🌐 Distributed Document Processing¶

Overview¶

This guide explains how to set up and run distributed document processing for the RAG system across multiple nodes.

Distributed processing allows you to scale document indexing across multiple machines, significantly improving processing speed for large document collections.

The system uses Dask for distributed task scheduling and execution.

✅ Prerequisites¶

Before starting, make sure you have:

multiple machines/nodes with network connectivity
a Python environment on each node
access to a shared filesystem or the ability to copy files between nodes

🛠️ Setup Process¶

1. Prepare your configuration file¶

Check your processing configuration file, for example examples/process/config.yaml, and make sure it includes the distributed settings such as:

dispatcher_config:
  distributed: true
  scheduler_file: "/path/to/scheduler.json" 

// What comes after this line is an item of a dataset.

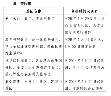 您现在的位置是:首页 > 国内旅游目的推荐 > 正文 国内旅游目的推荐 今起,湖南多个临时关闭的景区将陆续开放! admin2026年01月22日 08:52:45国内旅游目的推荐10 今起,湖南多个临时关闭的景区将陆续开放!受持续低温雨雪冰冻天气影响,为确保游客安全,湖南省内多地景区近日陆续发布临时闭园通知。截至1月21日,湖南多个市州的部分景区已采取闭园或调整开放时间措施。一些景区预计将于1月22日至23日前后逐步恢复开放,具体时间请游客密切关注景区官方通知。提醒广大游客合理安排行程,注意出行安全。景区名单内容来源:红网、湖南交通频道说明:版权归原作者所有如文章内容、图片、字体有侵权,请联系我们删除稿件合作请拨打:【客服电话:85392289】或添加合作微信:【微信号:mycs_0731】商务合作:【18975821393、15116303574 (电话微信同号)】猜你喜欢 转载请说明来源于"旅荐网",部分内容转载自网络,如有侵权请联系qlwl@foxmail.com删除 本文地址:https://www.15386.cn/post/84841.html 上一篇 #珠海旅游攻略 下一篇 慢慢觉得,旅游越来越没意思了 相关文章 假期打卡景区、游乐园?这份安全指南请收好→ 旅行热点:巴黎迪士尼新园保姆级攻略;上海迪士尼10岁生日庆典;《原神》空降北京环球影城 苏州旅游小白指南 泰安逛吃48小时旅游攻略 成都春季旅行攻略|花漾蓉城,慢享巴适 伊犁旅游全攻略:畅享美景与美食 出游攻略丨这么多的免签热门旅行地,是时候开启一段说走就走的旅程了 AI正在“杀死”旅游攻略?131万份深度报告揭示惊人真相 广东珠海旅行攻略+实用TIPS 西安八仙宫:旅游指南、主要传说、轶事、碑文 发表评论 取消回复 评论列表 这篇文章还没有收到评论,赶紧来抢沙发吧~

The scheduler_file should point to a shared location accessible by all nodes.

Other important configuration options include:

input_folder: path to your documents
output_folder: xhere processed results will be stored
use_fast_processors: set to true for faster processing (may reduce accuracy)

2. Install dependencies on all nodes¶

On each node, run:

# Clone the repository (if not already done)
git clone <repository-url>
cd mmore

# Make a virtual environment
uv venv .venv
source .venv/bin/activate

# Install dependencies
uv pip install -e .

3. Launch the distributed processing¶

Step 1: Start the master node (rank 0)¶

bash scripts/process_distributed.sh --config-file /path/to/config.yaml --rank 0

The master node will:

start the Dask scheduler
launch a worker process
prompt you to start the processing when ready

Step 2: Start worker nodes (rank > 0)¶

On each additional node, run:

bash scripts/process_distributed.sh --config-path /path/to/config.yaml --rank 1

Replace rank 1 with a unique rank number for each node (1, 2, 3, etc.).

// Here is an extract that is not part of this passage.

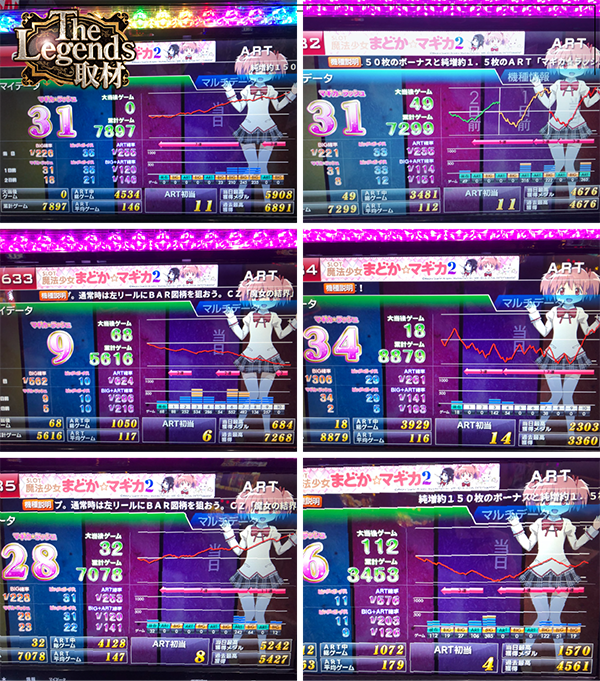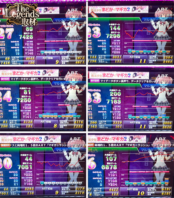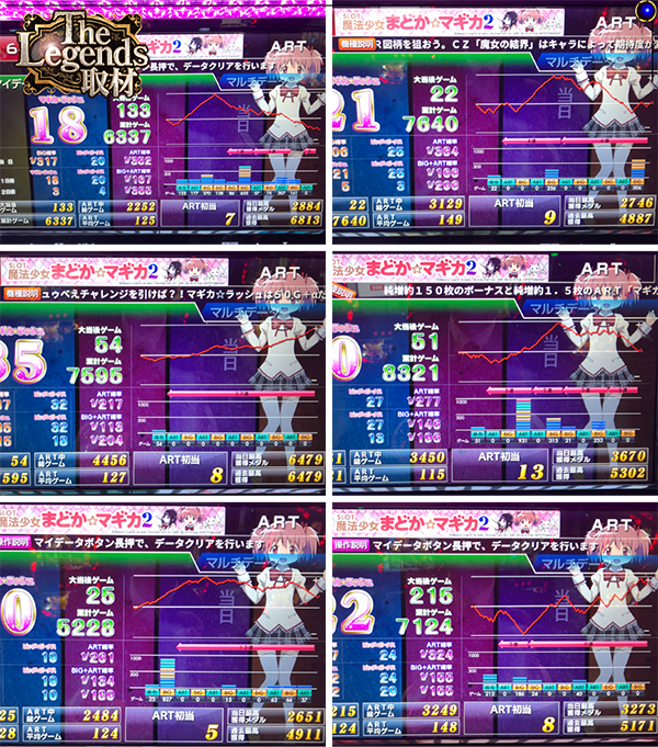 7箱アリ。6箱アリ。5箱アリ。4箱アリ(3台)。2箱アリ(4台)。最大7408枚獲得。最大5799枚獲得。最大5142枚獲得

The node should be ready within a few seconds.

Step 3: Begin processing¶

Once all nodes are running, return to the master node and type go.
The master node proceeds to crawl the input folder, split the workload among connected nodes and make them start their work.

At the end of processing, the dask server will be automatically shut down by the master node. This also stops the Dask workers on all the connected nodes.

📂 Output Structure¶

After processing completes, the output will be organized as follows:

output_folder/
├── processors/
│   ├── Processor_type_1/
│   │   └── results.jsonl
│   ├── Processor_type_2/
│   │   └── results.jsonl
│   └── ...
├── merged/
│   └── merged_results.jsonl
└── images/

🔧 Troubleshooting¶

Workers not connecting: ensure all nodes can access the scheduler file location
Processing errors: check logs ona the master node
Performance issues: adjust batch sizes and worker counts in the configuration

⚙️ Advanced Configuration¶

For optimal performance, consider adjusting:

processor batch sizes
number of threads per worker
memory limits for workers

Refer to Process for more details on configuration options.